Stickies by Crucial Human
@sumitdatta Sumit, thank you and yes it is as ready as you see in the video. However, we are splitting the platform up into separate apps and selling them independently. We found through a few months of being in the market that users only use 1 or 2 of the 8 major components in the platform. Also, asking customers to completely drop their current productivity platform as a whole in favor of ours was too big of an ask. We're launching the first of those aforementioned 8 components next month - https://crucialhuman.com/product.... Thanks again.
@eddieaich Yeah that makes sense in a way. I am always unsure if companies want to use multiple tools, but I guess we already do that, so it works. The Stickies looks great and is one of those simple tools that people should immediately find helpful. Best of luck!
Recipe Cart Chrome Extension
Facebook Ads! Echoing this— we have friends there who who lent us their $250 credits which got spent in a matter of days with maybe 8 page visits... 1 new user maybe...
Finding niche communities for your product online and advertising there is (B2C) is definitely way better
It's definitely Facebook Ads. Instead email and text marketing works better.
eWebinar
Resale partners, tried this a few times, never worked. Only caused pain when I tried to get out of contracts that locked us into giving referral commission to customers we had to close ourselves but were "friends" of resale partners
Another one:
Google Ads (for the same reason as Facebook Ads). We've noticed the more "scalable" a channel is, the more it fails for early-stage projects.
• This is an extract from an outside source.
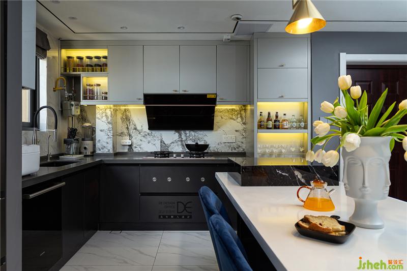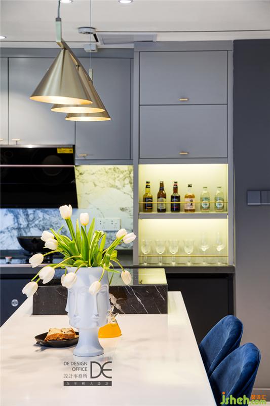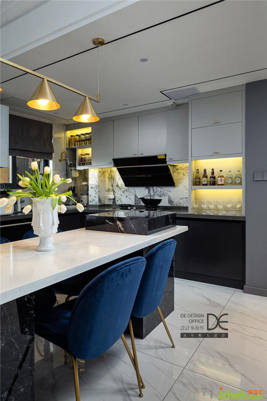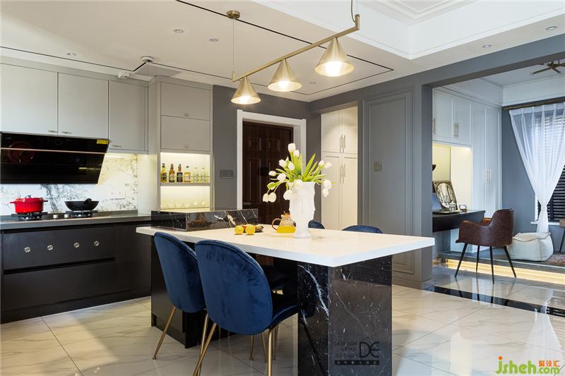 岛台和餐桌结合,黑色石材和白色石材相碰撞,配上蓝色丝绒餐椅,让餐厅既丰富多彩又恰到好处,就想和你在这里共进晚餐。

@zerotousers I just finished watching a video about acquisition channels. How can you know in advance a channel is too early or not?
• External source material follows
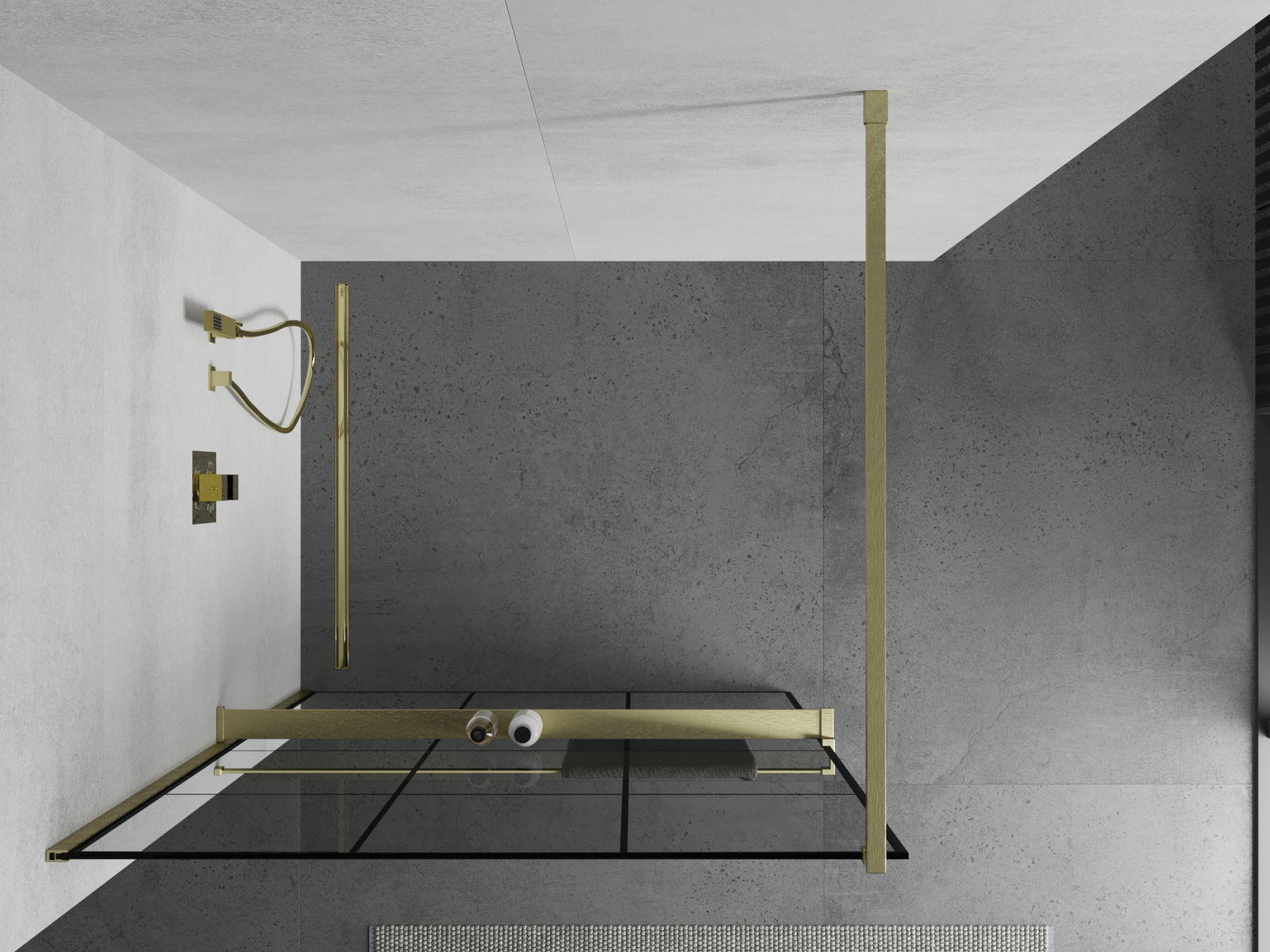Mexen Kioto+ sprchová stěna s policí Walk-in 100 x 200 cm, černá mřížka, zlatá kartáčovaná - 800-100-121-55-77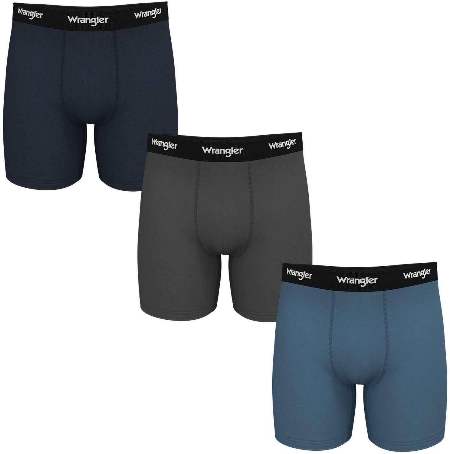 The Wrangler Men's Stretch Boxer Briefs 3-Pack are perfect for the hardworking guy. The material is stretchy, easy to move in and made with moisture-wicking technology to help minimize sweat and keep you comfortable. No-ride-up legs ensure the briefs stay put and remain comfortable all throughout your shift. Smooth Comfort Logo waistband.

@dervieux_benoit There isn't a rule, but there are a few guidelines. And it really depends on the competition, I've seen some founders that succeded with AdWords on the first try because very little people were bidding for that keyword.
@zerotousers Ok thanks for the answer. I like making videos and that's another element I have to add if I want to make Facebook (or instagram) ads. Thanks !
Topmarq
I also quickly found that Google/FB ads were much too expensive and not going to work (I ignored all the advice, yes, for about a week). My next failed channel was B2B trying to get organizers to sign on and host their car show - https://www.topmarq.com/events/ - and promote their events. I also had a success rate with cold outreach of about 1/50. Lots of time and energy there. I eventually moved on but would be interested in knowing what other people's breaking point was. Eg. how many emails/linkedin messages did you send before moving on?
Now I'm on to direct to consumers with outreach at local shows. Will let you know how that goes!